Но однажды нам удалось как-то расшевелить его, он был бодрее, чем обыкновенно, слово за слово, и он начал что-то отрывочно, путая и забывая половину, рассказывать из своего прошлого, разумеется и о походе Наполеона в Россию.
Я сидел тут же и слушал его. Его спрашивали, каких он помнит генералов, какие сражения. Он отвечал.

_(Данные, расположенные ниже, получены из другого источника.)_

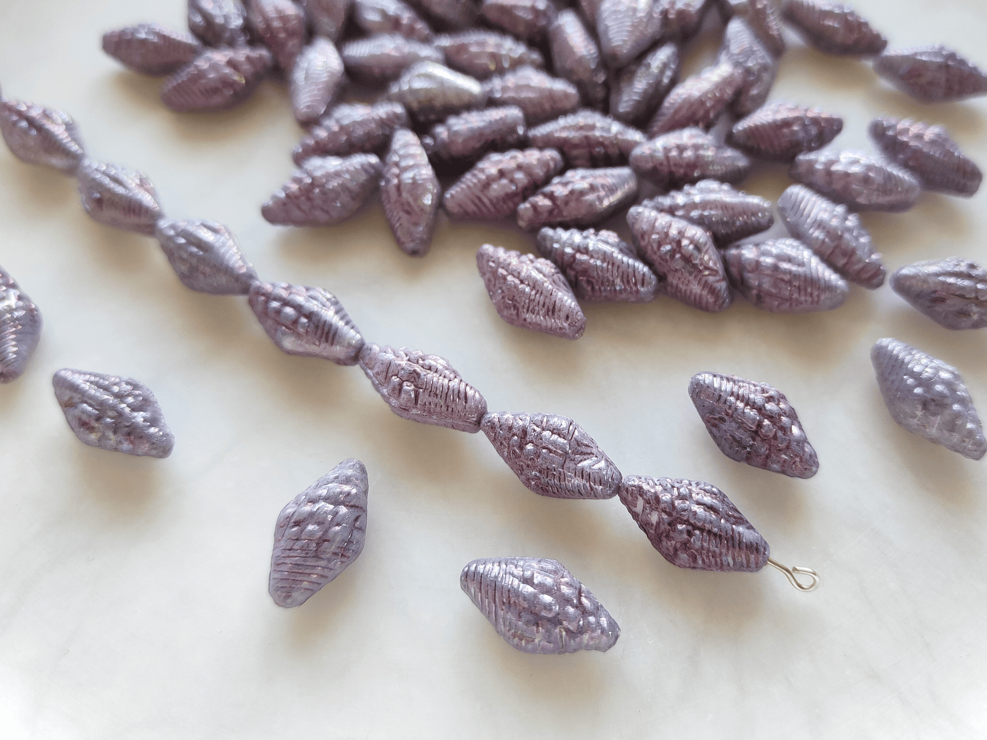 Bohemian shell glass beads in the shape of a miter shell with fine pressed details - these beads are made of opaque white glass, dyed purple with shiny dark purple details, 16x8mm in size
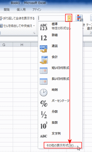 - セルまたはセル範囲を選択して、[表示形式]→[その他の表示形式]を選択します。
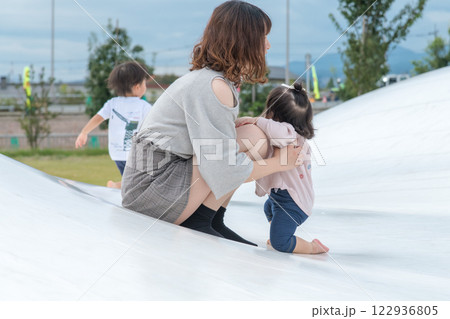 [母親和嬰兒站在巨大的遊樂場設備上]
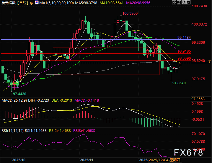 汇通财经APP讯——周五(12月19日)欧美时段,美元指数大幅反弹,多头发起了反攻,周四经历了CPI超预期滑落,但美元指数利空不跌,成为了多头交易员的买入信号,次日美元指数展开反弹,目前交投于98.72附近涨0.28%。同时日本央行早上的实际利率为负以及不够鹰派的发言帮助美元指数添了一把柴。
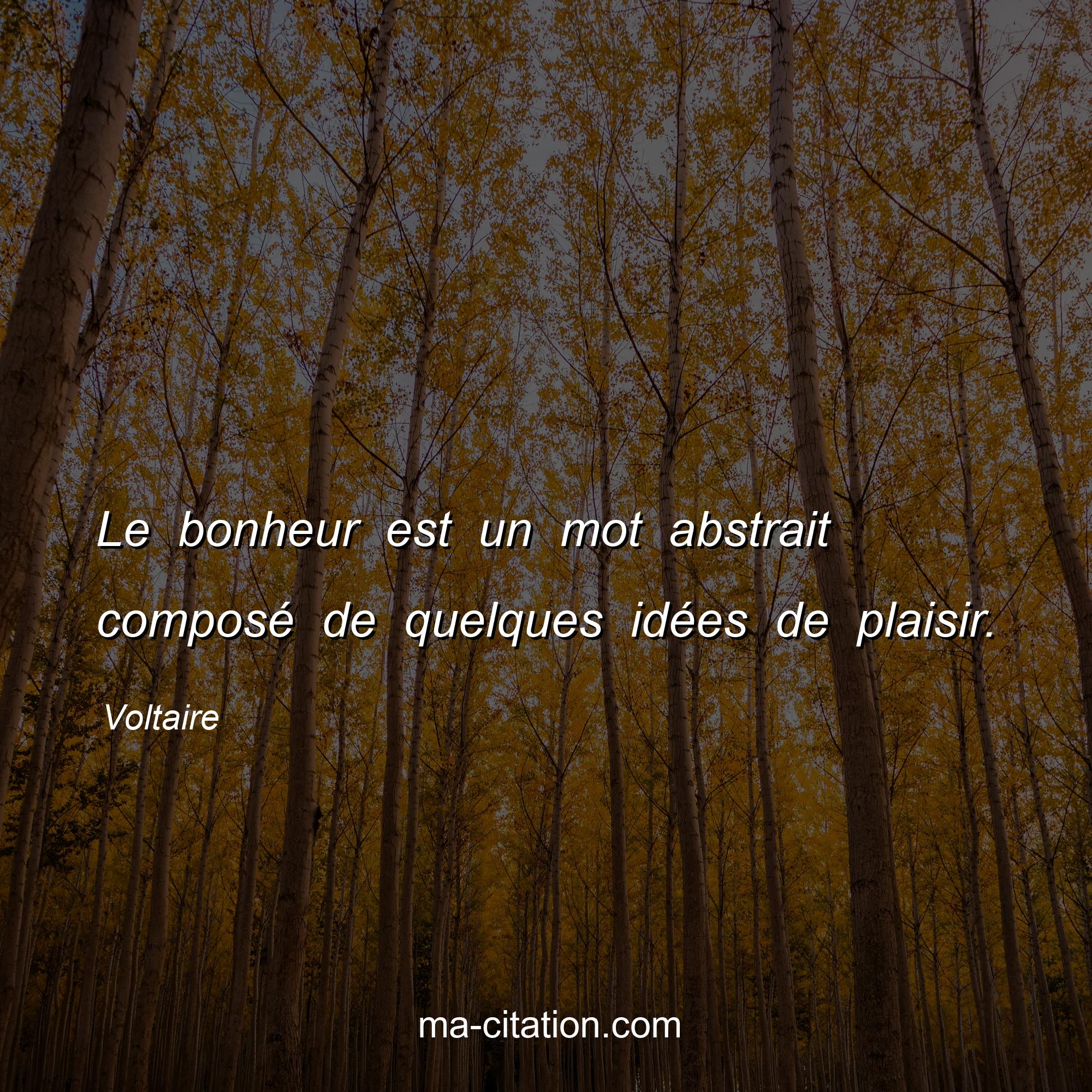 Citation sur la vie de Voltaire :Le bonheur est un mot abstrait composé de quelques idées de plaisir.
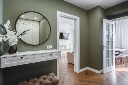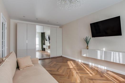 В квартире выполнен качественный ремонт, вся мебель абсолютно новая. Диван с ортопедическим основанием Askona, кондиционер, стиральная машина, два телевизора, холодильник, духовой шкаф, электрическая варочная панель. Много мест для хранения.

— А Мюрата помните? — спросил я.
— О да! — Мюрат — вице-король был. Красавец. Красива девочки любил...
— Ив Москве?
— И в Москве тоже. У него их много было...
Старик увлекся и начал рассказывать разные скабрезности, на общее удовольствие его слушателей. Его расспрашивали, и он все рассказывал, путал, вспоминал.
— Это раньше, может быть, все было, или тоже и в Москве? — еще раз спросил я его.
— И раньше и в Москве.
Он махнул рукой и захохотал.
Один из товарищей, с которым я был дружнее, чем с другими, тоже сын помещика нашей же губернии, спросил при этом меня:
— Да что это тебя так интересует?
— А я знаю одну его историю... Мюратову, — сказал я, — тоже из времен пребывания его в Москве.
— Ты знаешь?
— Да. Его любовь жива еще, она наша же помещица, нашей губернии.
И только я начал ему рассказывать и назвал фамилию Свистовой, как он вскричал:
— Анна Павловна!
— Да. А ты ее почем знаешь?
— Да ведь она же наша соседка. Она полупомешанная. Ну да... ее вице-королевой Неаполитанской зовут... я слыхал, отец ее так называл. Она возле Павловки живет. Как отец купил Павловку, мы и стали соседями с ней. Она верстах в семи от нас. Только она ведь никуда не выезжает, ни у кого не бывает... Я только раза два или три ее у обедни видел. В Павловке у нас нет своей церкви, так мы ездим к ней, в Свистовку... Только она и ездит, что в церковь. Она очень ведь богатая, говорят... У нее парк какой в имении, сад. Дом громадный, но уж старый, говорят.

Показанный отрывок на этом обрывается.